** WHAT THE TASK ASKS **
The exercise calls for exact output of the lines between the one that contains "Similar formal quirks" and the end of the data, with both ends kept and pictures left out.

Segment Start: MATERIAL PROVIDED

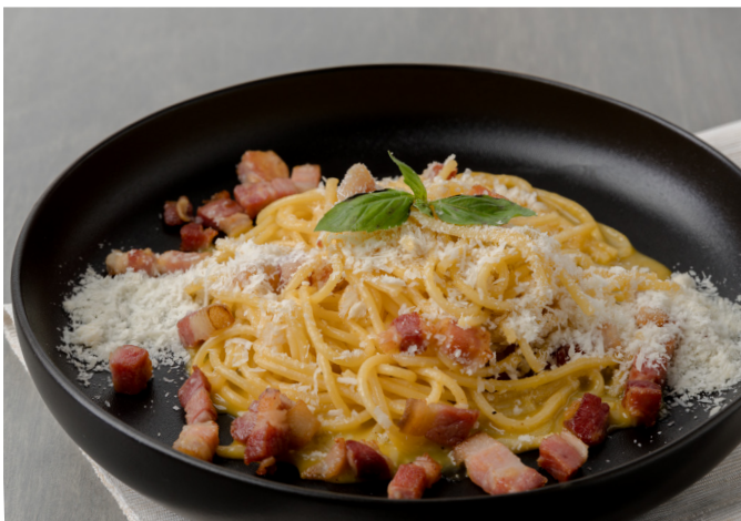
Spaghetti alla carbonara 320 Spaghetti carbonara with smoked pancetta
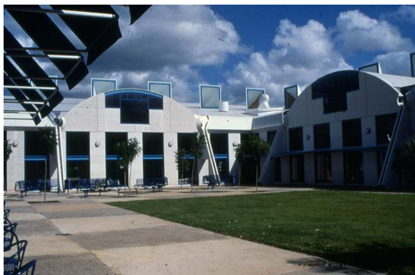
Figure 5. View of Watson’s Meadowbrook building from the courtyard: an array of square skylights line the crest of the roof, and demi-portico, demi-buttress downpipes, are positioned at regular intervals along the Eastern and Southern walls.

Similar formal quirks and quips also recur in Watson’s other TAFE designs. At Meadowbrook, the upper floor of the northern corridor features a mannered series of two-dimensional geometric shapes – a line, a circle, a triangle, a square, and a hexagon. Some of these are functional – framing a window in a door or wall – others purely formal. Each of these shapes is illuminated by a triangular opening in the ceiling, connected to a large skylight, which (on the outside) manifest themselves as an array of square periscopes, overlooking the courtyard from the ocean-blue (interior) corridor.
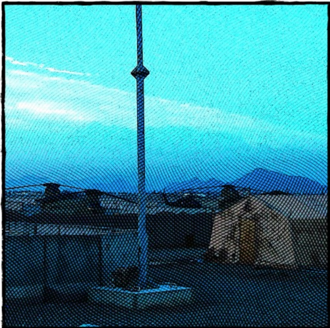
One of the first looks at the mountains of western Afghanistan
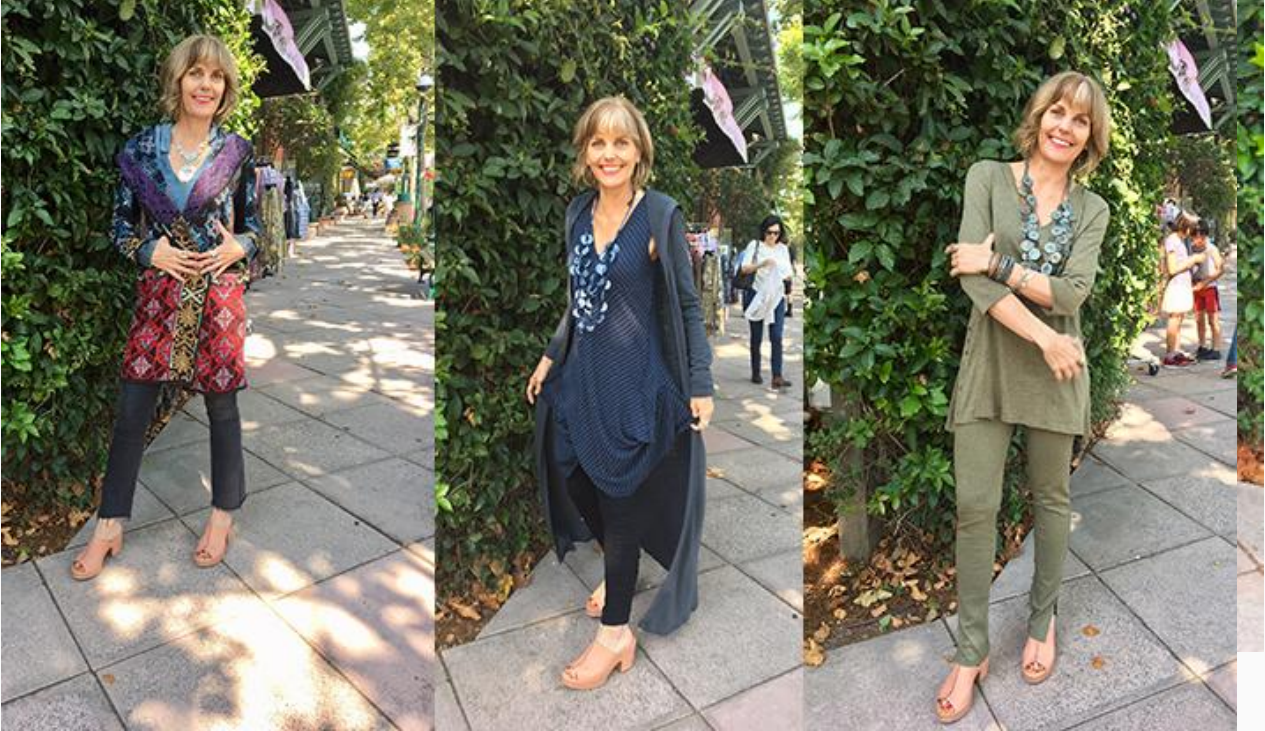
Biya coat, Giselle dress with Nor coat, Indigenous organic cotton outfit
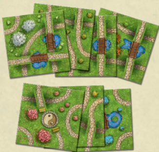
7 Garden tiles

Segment End: MATERIAL PROVIDED

** SOLUTION TO THE EXERCISE **
Similar formal quirks and quips also recur in Watson’s other TAFE designs. At Meadowbrook, the upper floor of the northern corridor features a mannered series of two-dimensional geometric shapes – a line, a circle, a triangle, a square, and a hexagon. Some of these are functional – framing a window in a door or wall – others purely formal. Each of these shapes is illuminated by a triangular opening in the ceiling, connected to a large skylight, which (on the outside) manifest themselves as an array of square periscopes, overlooking the courtyard from the ocean-blue (interior) corridor.
One of the first looks at the mountains of western Afghanistan
Biya coat, Giselle dress with Nor coat, Indigenous organic cotton outfit
7 Garden tiles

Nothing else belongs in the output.